── DATA EXCERPTS

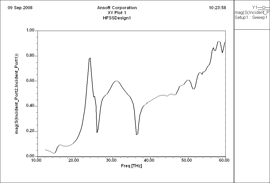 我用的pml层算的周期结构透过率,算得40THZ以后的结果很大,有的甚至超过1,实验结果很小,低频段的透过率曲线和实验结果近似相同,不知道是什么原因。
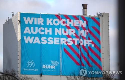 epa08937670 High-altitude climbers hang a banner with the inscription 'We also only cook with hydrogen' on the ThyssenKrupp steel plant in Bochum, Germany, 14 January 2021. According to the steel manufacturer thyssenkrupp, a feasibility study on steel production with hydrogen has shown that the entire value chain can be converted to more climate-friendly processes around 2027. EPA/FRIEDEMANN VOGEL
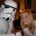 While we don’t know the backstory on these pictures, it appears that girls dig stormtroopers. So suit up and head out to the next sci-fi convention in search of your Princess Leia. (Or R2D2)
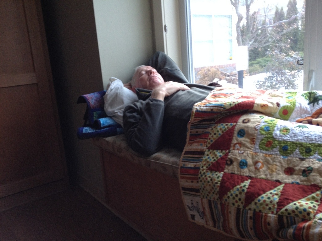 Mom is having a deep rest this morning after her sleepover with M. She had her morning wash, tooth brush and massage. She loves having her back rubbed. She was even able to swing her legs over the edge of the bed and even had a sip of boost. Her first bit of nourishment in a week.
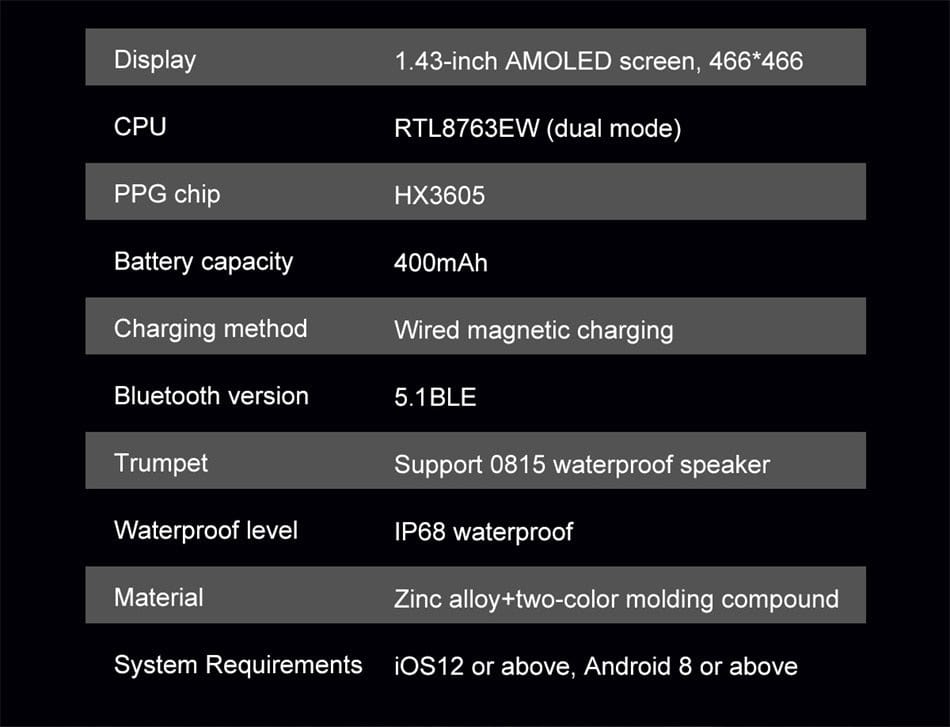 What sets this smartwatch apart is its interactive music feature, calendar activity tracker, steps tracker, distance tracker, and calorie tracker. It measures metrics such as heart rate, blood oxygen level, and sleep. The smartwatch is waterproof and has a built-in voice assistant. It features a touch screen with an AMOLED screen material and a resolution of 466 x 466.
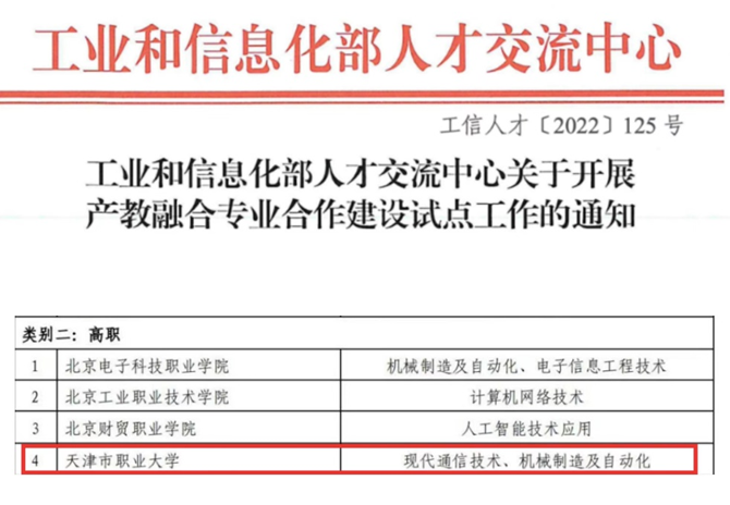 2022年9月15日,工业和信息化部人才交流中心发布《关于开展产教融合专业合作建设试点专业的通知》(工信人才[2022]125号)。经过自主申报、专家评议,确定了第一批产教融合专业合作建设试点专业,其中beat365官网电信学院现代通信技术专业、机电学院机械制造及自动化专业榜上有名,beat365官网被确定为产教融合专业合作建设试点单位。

────

*WHAT TO WORK ON*:
Output the records exactly, pictures excluded.

*WRITTEN SOLUTION*:
 我用的pml层算的周期结构透过率,算得40THZ以后的结果很大,有的甚至超过1,实验结果很小,低频段的透过率曲线和实验结果近似相同,不知道是什么原因。
 epa08937670 High-altitude climbers hang a banner with the inscription 'We also only cook with hydrogen' on the ThyssenKrupp steel plant in Bochum, Germany, 14 January 2021. According to the steel manufacturer thyssenkrupp, a feasibility study on steel production with hydrogen has shown that the entire value chain can be converted to more climate-friendly processes around 2027. EPA/FRIEDEMANN VOGEL
 While we don’t know the backstory on these pictures, it appears that girls dig stormtroopers. So suit up and head out to the next sci-fi convention in search of your Princess Leia. (Or R2D2)
 Mom is having a deep rest this morning after her sleepover with M. She had her morning wash, tooth brush and massage. She loves having her back rubbed. She was even able to swing her legs over the edge of the bed and even had a sip of boost. Her first bit of nourishment in a week.
 What sets this smartwatch apart is its interactive music feature, calendar activity tracker, steps tracker, distance tracker, and calorie tracker. It measures metrics such as heart rate, blood oxygen level, and sleep. The smartwatch is waterproof and has a built-in voice assistant. It features a touch screen with an AMOLED screen material and a resolution of 466 x 466.
 2022年9月15日,工业和信息化部人才交流中心发布《关于开展产教融合专业合作建设试点专业的通知》(工信人才[2022]125号)。经过自主申报、专家评议,确定了第一批产教融合专业合作建设试点专业,其中beat365官网电信学院现代通信技术专业、机电学院机械制造及自动化专业榜上有名,beat365官网被确定为产教融合专业合作建设试点单位。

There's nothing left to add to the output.